■ **TASK REQUIREMENTS**
All of the data should be given again word for word, though the images are to be left out.

■ **SOURCE DATA**
********
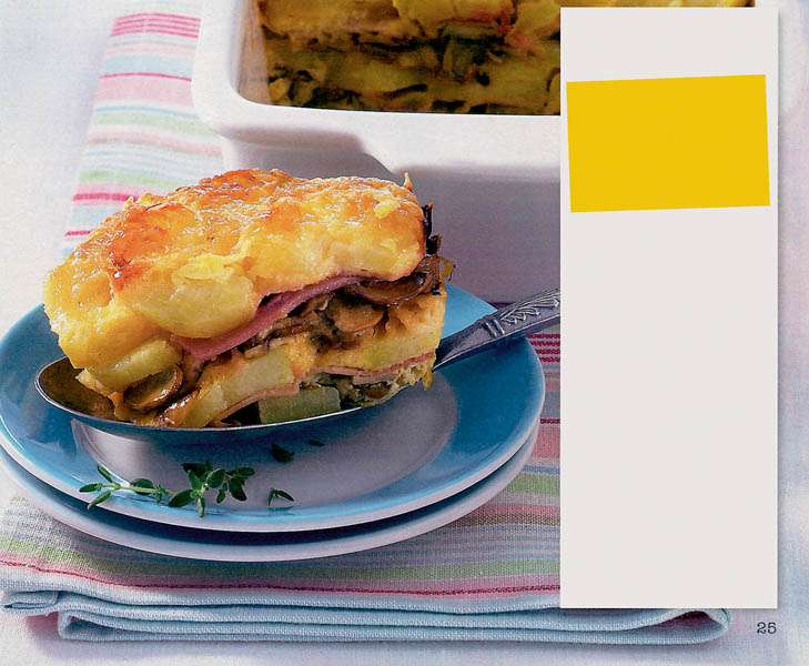3. Într-un vas uns cu ulei se presară pesmet şi se aşază straturi succesive de cartofi, şuncă presată şi ciuperci. Ultimul strat trebuie să fie de cartofi. Se toarnă deasupra ouăle bătute cu sare şi puţin piper şi se presară caşcavalul ras. Se pune apoi în cuptorul încins şi se gratinează jumătate de oră.
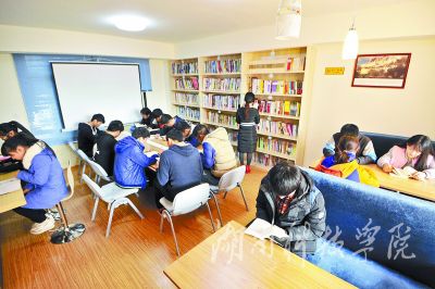 11月25日上午,华体会官方版网站登录入口松源学生公寓,同学们在宿舍楼内的图书室看书自习。这个小型图书室是学校以学生宿舍为依托建立的“书院制”公寓,吸引了很多学生前来读书、自习。
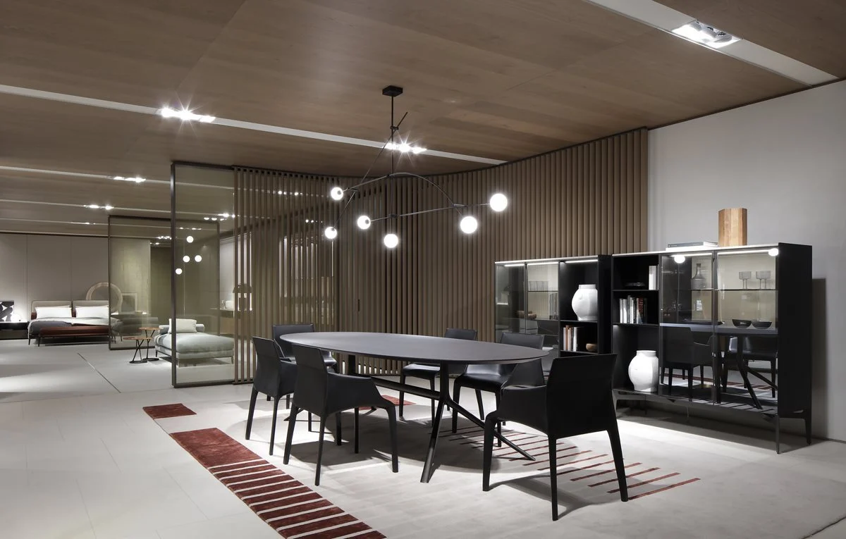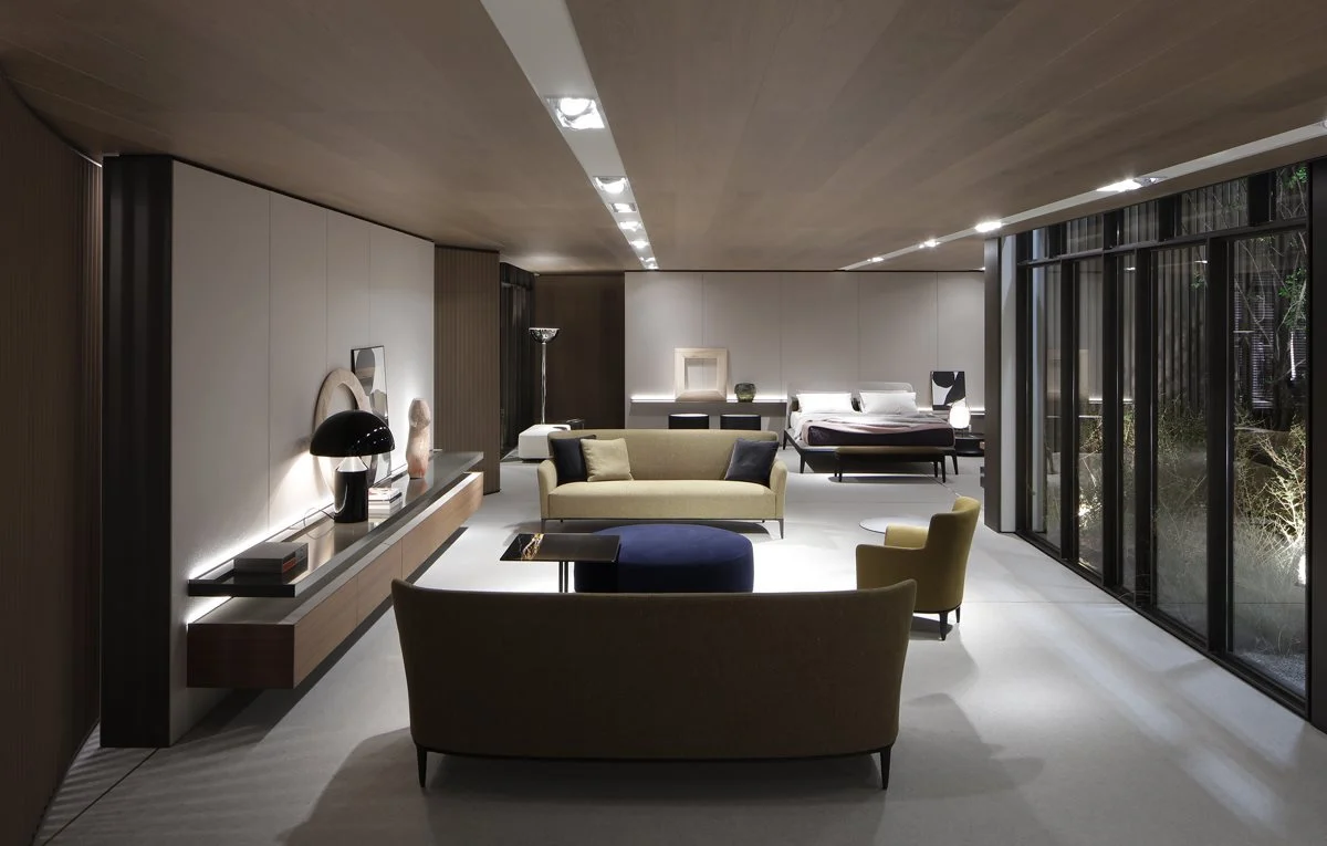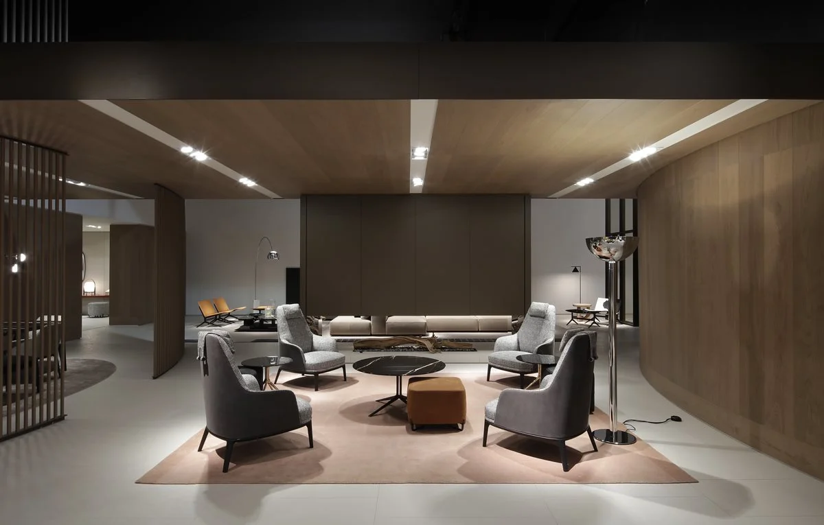 Uno spazio espositivo di oltre 1700mq suddiviso in due aree il cui accesso si configura come una piazza, punto di accoglienza e contenitore di vissuto e di relazioni, palcoscenico ideale per l’ingresso nel mondo Poliform.
********
■ **SOLUTION FOR THIS TASK**
3. Într-un vas uns cu ulei se presară pesmet şi se aşază straturi succesive de cartofi, şuncă presată şi ciuperci. Ultimul strat trebuie să fie de cartofi. Se toarnă deasupra ouăle bătute cu sare şi puţin piper şi se presară caşcavalul ras. Se pune apoi în cuptorul încins şi se gratinează jumătate de oră.
 11月25日上午,华体会官方版网站登录入口松源学生公寓,同学们在宿舍楼内的图书室看书自习。这个小型图书室是学校以学生宿舍为依托建立的“书院制”公寓,吸引了很多学生前来读书、自习。
 Uno spazio espositivo di oltre 1700mq suddiviso in due aree il cui accesso si configura come una piazza, punto di accoglienza e contenitore di vissuto e di relazioni, palcoscenico ideale per l’ingresso nel mondo Poliform.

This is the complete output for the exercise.